- [Aim of the task]: Working from the data below, write out exactly the lines from its first through the line that contains "Boucles d'oreilles à", both ends included and pictures omitted.

■ ■ ■ ■ ■ ■ ■

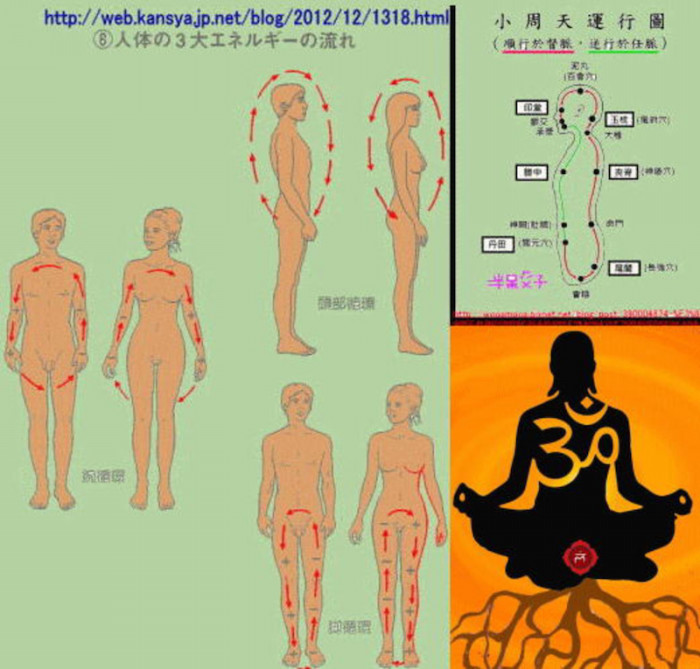 「氣の流れは 女性は時計回り、後ろから前に、男性は反時計回り後ろから前に
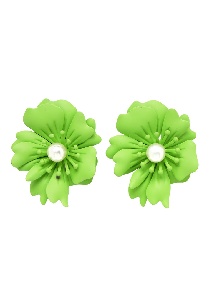 Boucles d'oreilles à tige en perles florales, vert matcha
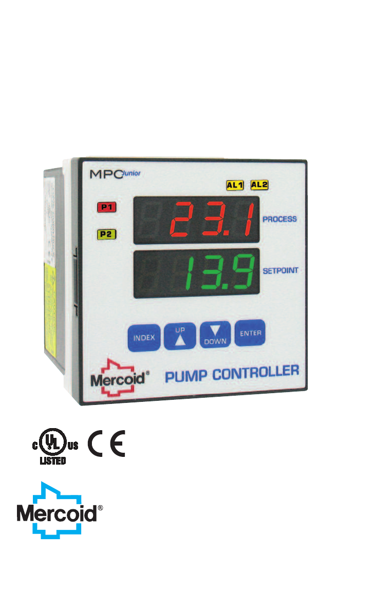 Bulletin L-21 Series MPCJR Pump Controller Installation and Operating Manual MERCOID A Division of Dwyer Instruments, Inc. P.O. BOX 258 • MICHIGAN CITY, INDIANA 46361, U.S.A. Phone: 219/879-8000 • Fax: 219/872-9057 www.dwyer-inst.com • e-mail: lit@dwyer-inst.com FR# M1-443341-00 Rev.
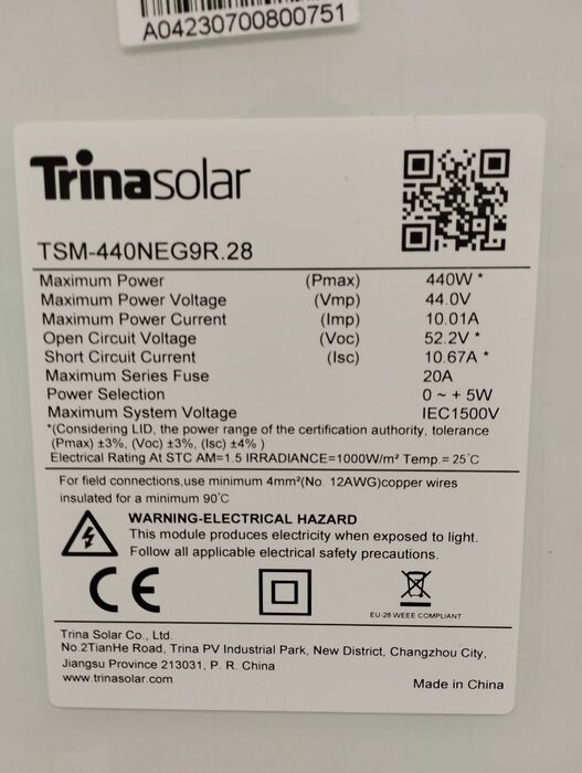 Das Trina Solar Vertex S+(R) TSM-440NEG9R.28 ist ein monokristallines Solarmodul mit 440Wp.
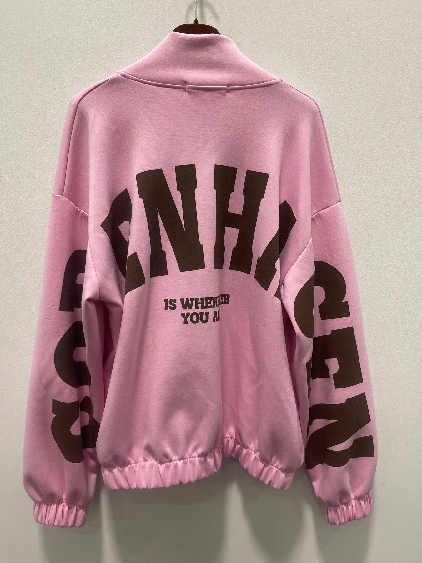 Rosa kofta från Marta Du Chateau med brunt texttryck. Koftan har hög krage och dragkedja framtill i en rosa/brun färgkombination.
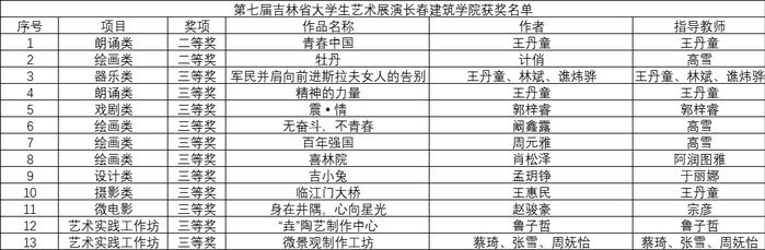 近日,吉林省教育厅公布吉林省第七届大学生艺术展演获奖名单。学校团委经评选后推报77件作品参加展演,其中获评二等奖2项、三等奖11项,学校荣获优秀组织单位奖。
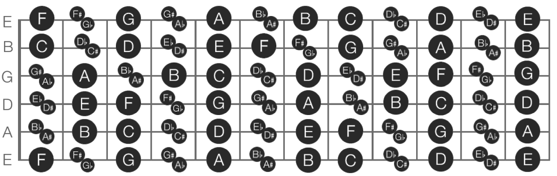 Het is belangrijk dat je in ieder geval de notennamen kent op de 6de snaar (de lage-E snaar), en de 5de snaar (de A snaar).

■ ■ ■ ■ ■ ■ ■

- [Reply]:
 「氣の流れは 女性は時計回り、後ろから前に、男性は反時計回り後ろから前に
 Boucles d'oreilles à tige en perles florales, vert matcha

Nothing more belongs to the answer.